Class Probability Matching with Calibrated Networks for Label Shift Adaption

Authors: Hongwei Wen, Annika Betken, Hanyuan Hang

ICLR 2024 | Conference PDF | Archive PDF | Plain Text | LLM Run Details

Reproducibility Variable Result LLM Response
Research Type Experimental From the experimental perspective, real data comparisons show that CPMCN outperforms existing matching-based and EM-based algorithms.
Researcher Affiliation Academia Faculty of Electrical Engineering, Mathematics and Computer Science University of Twente Enschede, The Netherlands
Pseudocode Yes Algorithm 1 Class Probability Matching with Calibrated Networks (CPMCN)
Open Source Code Yes The training code and parameters can be found in the obtaining predictions folder at https://github.com/kundajelab/labelshiftexperiments/tree/ master/notebooks/obtaining_predictions. The calibrated method Bias-Corrected Temperature Scaling (BCTS) is implemented based on the code in https://github.com/kundajelab/ abstention/blob/master/abstention/calibration.py.
Open Datasets Yes In this section, we present experimental results on three benchmark datasets (MNIST Le Cun et al. (2010), CIFAR10 Krizhevsky et al. (2009), and CIFAR100 Krizhevsky et al. (2009))

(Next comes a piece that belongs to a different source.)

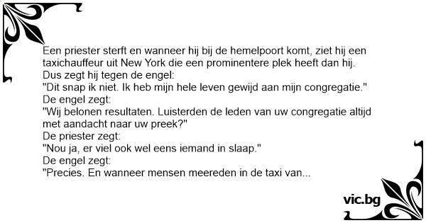 En präst och en taxi förare dog och de båda kom upp till himlen samtidigt. Sankte Per stod vid pärleporten och väntade på dem. - Följ med mig! Sa sankte Per till taxi föraren. Taxi föraren gjorde som han blev tillsagd och följde med sankte Per till en stor herrgård. Herrgården hade all lyx som...
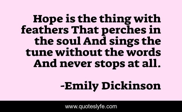 This page presents the quote "Hope is the thing with feathers That perches in the soul And sings the tune without the words And never stops at all.". Author of this quote is Emily Dickinson. .

Dataset Splits Yes We take the training set of the benchmark datasets as the data for the source domain Dp and reserve 10000 samples out of Dp as a hold-out validation set, which is used to tune the hyper-parameters of the calibrated BCTS model (Alexandari et al., 2020).
Hardware Specification No The paper does not specify the exact hardware used for running the experiments (e.g., specific GPU/CPU models, cloud instances with specs).

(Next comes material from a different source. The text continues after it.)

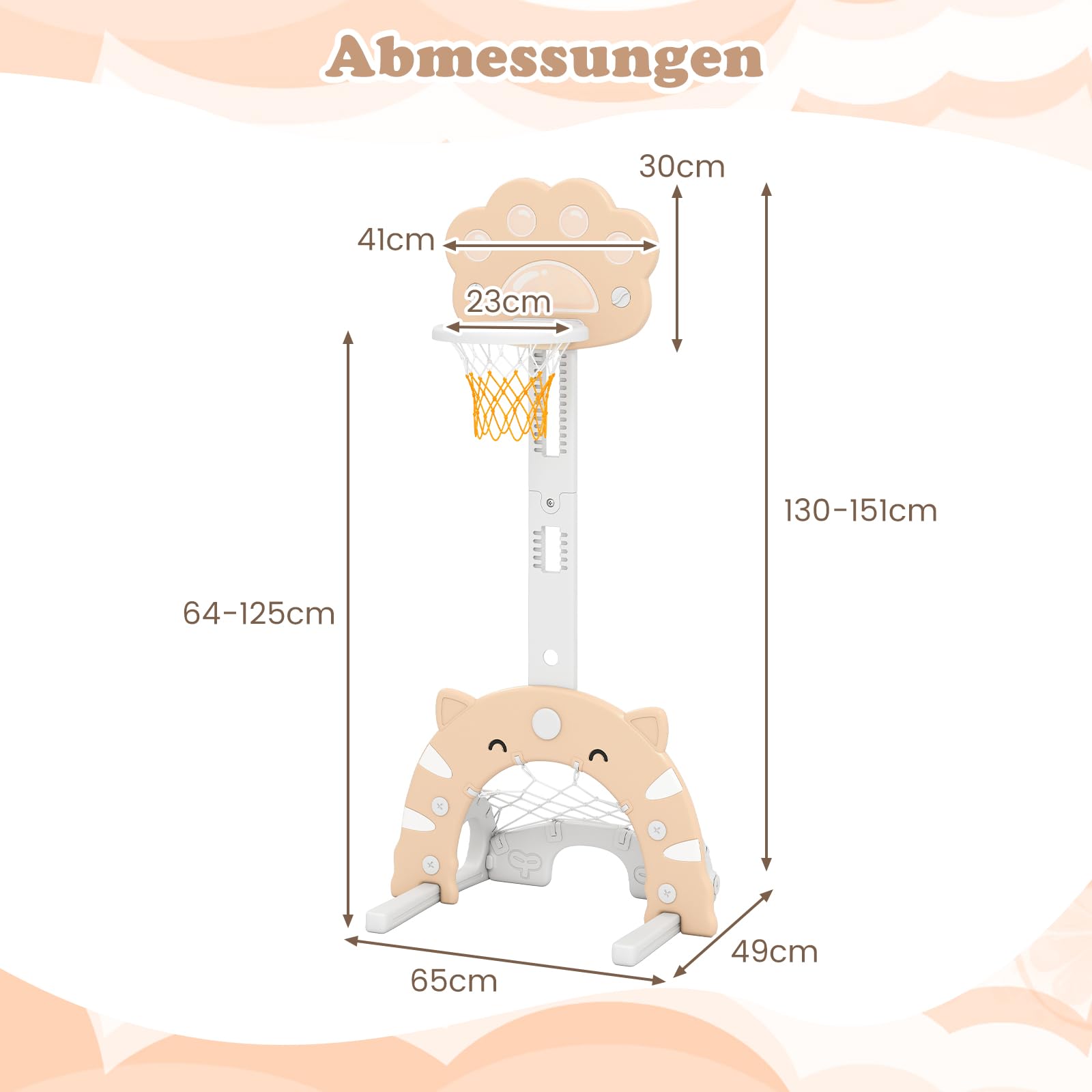 COSTWAY 3-in-1 Children's Basketball Hoop, Basketball Stand with Basketball & Football & Golf Game, Indoor Outdoor Basketball Game with Adjustable Height & Foldable Basket, for Children from 3 Years

Software Dependencies No The paper mentions 'Python' and 'L-BFGS-B (Zhu et al., 1997)' as an optimization method, but does not provide specific version numbers for Python or other key software libraries/frameworks (e.g., PyTorch, TensorFlow).
Experiment Setup Yes For repeating experiments of each method, we use the code from Geifman & El-Yaniv (2017) to train ten different network models with different random seeds. For each model, we perform 10 trials, where each trial consists of a different sampling of the validation set and a different sampling of the label-shifted target domain data. The total number of repetitions is 100.